Yemeni pro-government forces ride in a pickup truck mounted with a machine gun on the outskirts of the Hodeida on November 18, 2018
Sanaa (AFP) - The UN Yemen envoy faced his “sternest test” on Wednesday as he flew into the rebel-held capital Sanaa for talks on averting all-out fighting for the lifeline port of Hodeida and widespread famine.
Under heavy Western pressure, the government and its Saudi-led military backers have largely suspended a five-month-old offensive on the Red Sea port city as UN envoy Martin Griffiths makes the biggest peace push in two years.
But a devastating all-out assault on the city’s vital docks still threatens as coalition commanders scent a potentially game-changing victory in their three-and-a-half year war on the Iran-backed Huthi Shiite rebels.
UN agencies say up to 14 million Yemenis are at risk of starvation if the port of Hodeida is closed by fighting or damage.
The city is virtually the sole gateway to the capital and rebel-held territory in the densely populated highlands, and some 80 percent of commercial food imports and virtually all UN-supervised humanitarian aid pass through its docks.
Griffiths did not comment to waiting reporters on his arrival at Sanaa International Airport, an AFP photographer reported.
Map showing damaged in Sanaa and Hodeida since December 2017.
He was expected to hold afternoon talks with rebel political leaders as he attempts to revive a peace process that collapsed in acrimony in Switzerland in September when the rebels failed to show up.
The Huthis have said repeatedly that they need stronger security guarantees from the international community that they will be given safe passage through the crippling air and sea blockade the coalition has enforced since March 2015.
- ‘Sternest test’ -
The international community is demanding in return that the rebels halt all offensive operations, particularly missile attacks on neighbouring Saudi Arabia, and commit to joining talks on handing over of the port of Hodeida to UN control.

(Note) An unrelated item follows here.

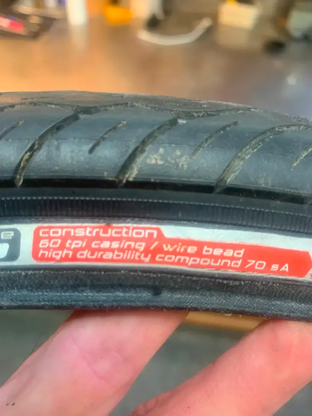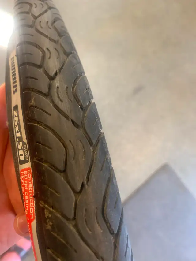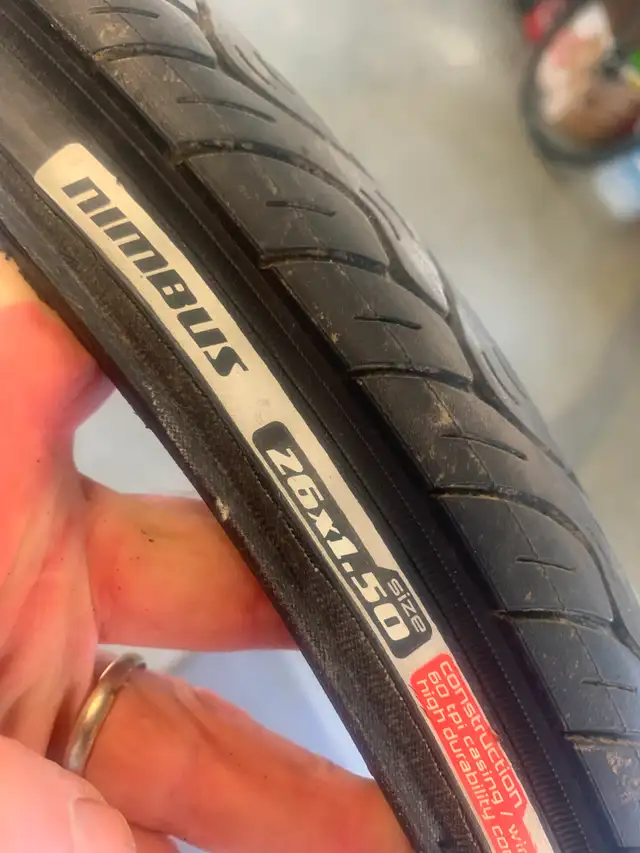 I'm cleaning the garage and you're saving money. I have a Nimbus tire with lots of life left in it. It is a 26” X 1.5” slick. It has nice deep groves to shed water. can be used outdoors on the paths and road or indoors on a trainer.

“Griffiths faces the sternest test of his young tenure,” said Brussels-based think tank International Crisis Group.
Yemeni boy Ghazi Saleh, weighing just eight kilogrammes, is too weak to move or even cry
“If his mediation efforts succeed in preventing a destructive battle for Hodeida, he could build momentum toward reviving a peace process that has been stalled for the past two years.
“But if he fails, peace in Yemen will look increasingly remote and the prospects for its embattled population increasingly dire.”

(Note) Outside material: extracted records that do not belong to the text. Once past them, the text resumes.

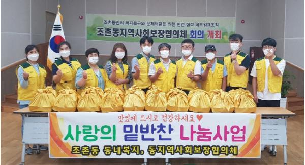 조촌동장은 “관내 결식우려 취약가정에 밑반찬이 지원되어 건강한 생활을 유지할 수 있도록 지속적으로 민간기관과 연계하여 최선을 다하겠다.”고 말했다.
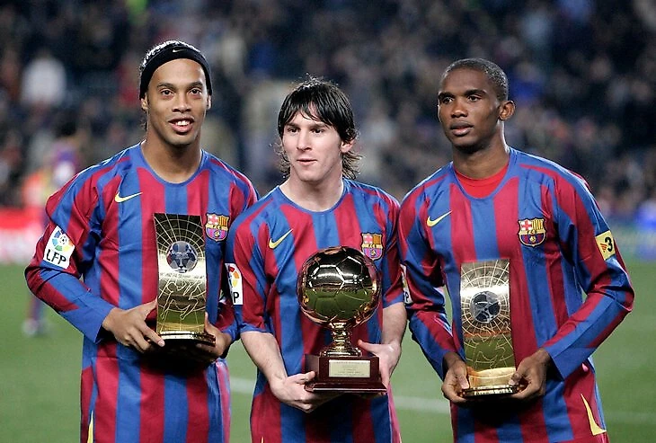 Роналдиньо и Это’о с призами ФИФА-2005, Месси – с наградой Golden Boy.
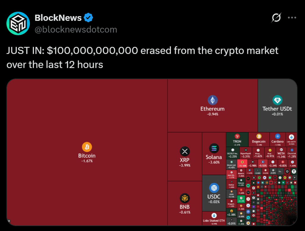 3 Reasons Crypto Is Dumping Today: $100 Billion Erased in 12 Hours

Both sides have in the past week expressed support for the envoy and his mission to convene new peace talks in Sweden, but fierce clashes flared again in Hodeida late Tuesday.
Just hours before Griffiths’ arrival in Sanaa, residents in the east of Hodeida told AFP by telephone they could hear fighting, and reported shrapnel falling in residential neighbourhoods.
- Call for truce -
On Monday, Britain presented to the UN Security Council a draft resolution urging an immediate truce in Hodeida and setting a two-week deadline for the warring sides to remove all barriers to humanitarian aid.

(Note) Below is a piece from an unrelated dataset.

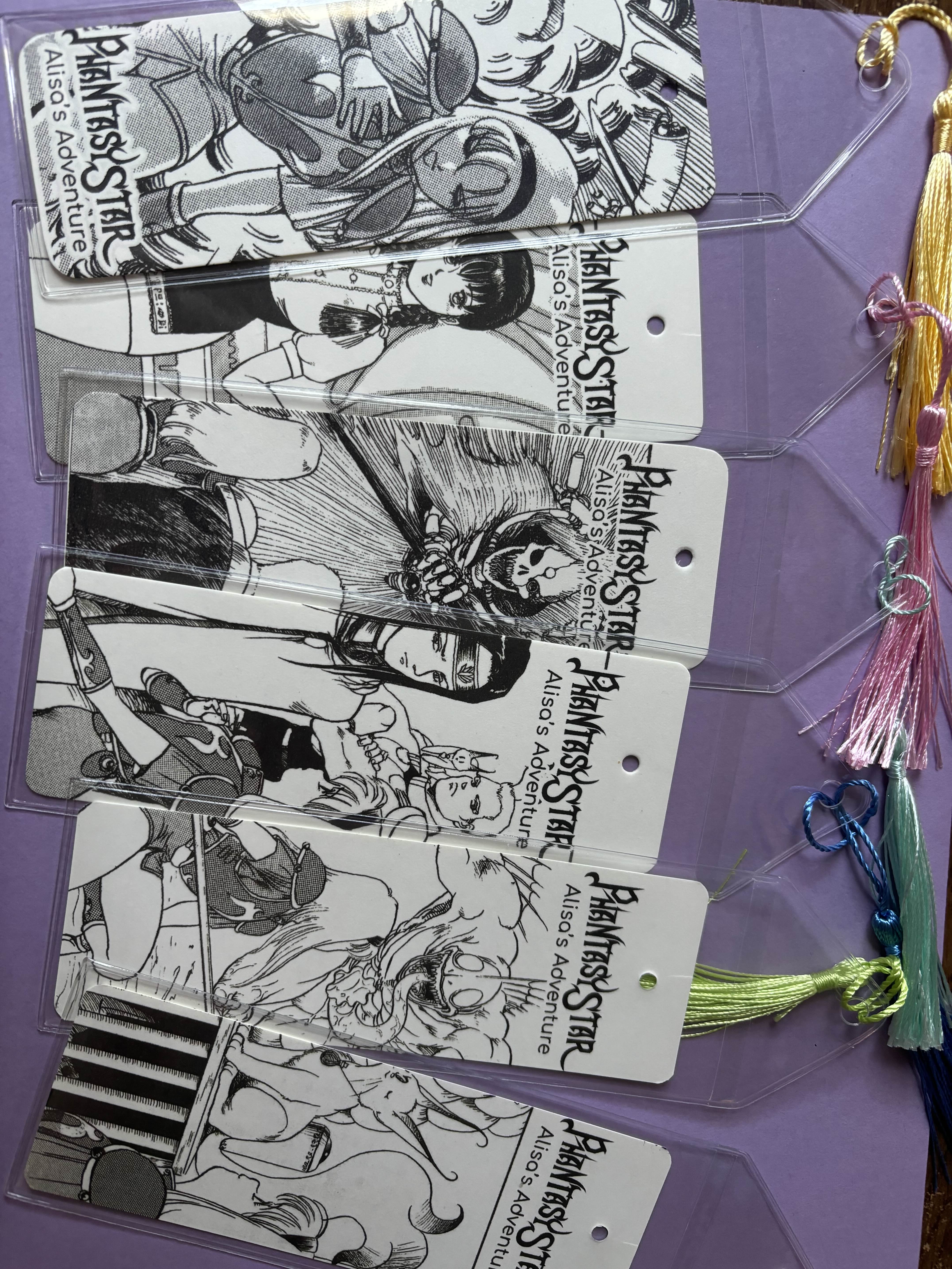 Bookmarks featuring artwork by Kunio Aoki from the book Phantasy Star: Alisa’s Adventure.

The proposed resolution would significantly ratchet up pressure on the Saudi-led coalition and the rebels to seek a negotiated settlement.
A market in the Yemeni capital's old quarter on November 19, 2018.
It also calls for a large injection of foreign cash to support Yemen’s collapsing currency and for salaries of civil servants, teachers, and health workers to be paid within a month.
Multiple past attempts to hold negotiations have failed.
Griffiths said Monday he hoped the rivals would meet in Sweden “within the next few weeks”. No date has been set.
- ‘Stop selling weapons’ -
The rebels overran Sanaa in late 2014, when they also took control of Hodeida and its port.
A year later, the coalition intervened as President Abedrabbo Mansour Hadi fled into Saudi exile.
Both parties in the conflict stand accused of acts that could amount to war crimes.
Doctors treat a Yemeni men in the rebel stronghold of Saada on November 20, 2018 following a reported air strike
Although Western governments have condemned civilian deaths in Yemen, they remain political and military backers of Saudi Arabia, which is a regional ally and spends billions of dollars on arms from the United States, Britain, and France.
They have come under increased domestic political pressure to halt, or at least attach conditions to, their arms deliveries since the murder of dissident Saudi journalist Jamal Khashoggi in the kingdom’s consulate in Istanbul last month by top agents Riyadh insists were acting without orders.
The World Health Organization says nearly 10,000 people – mostly civilians – have been killed in Yemen since the Saudi-led intervention began, but human rights groups believe the toll may be five times higher.
The World Food Programme says up to 14 million Yemenis are at risk of starvation.
Save the Children said on Wednesday that some 85,000 infants under the age of five may have died of severe malnutrition or related diseases between March 2015 and this October based on UN agency figures.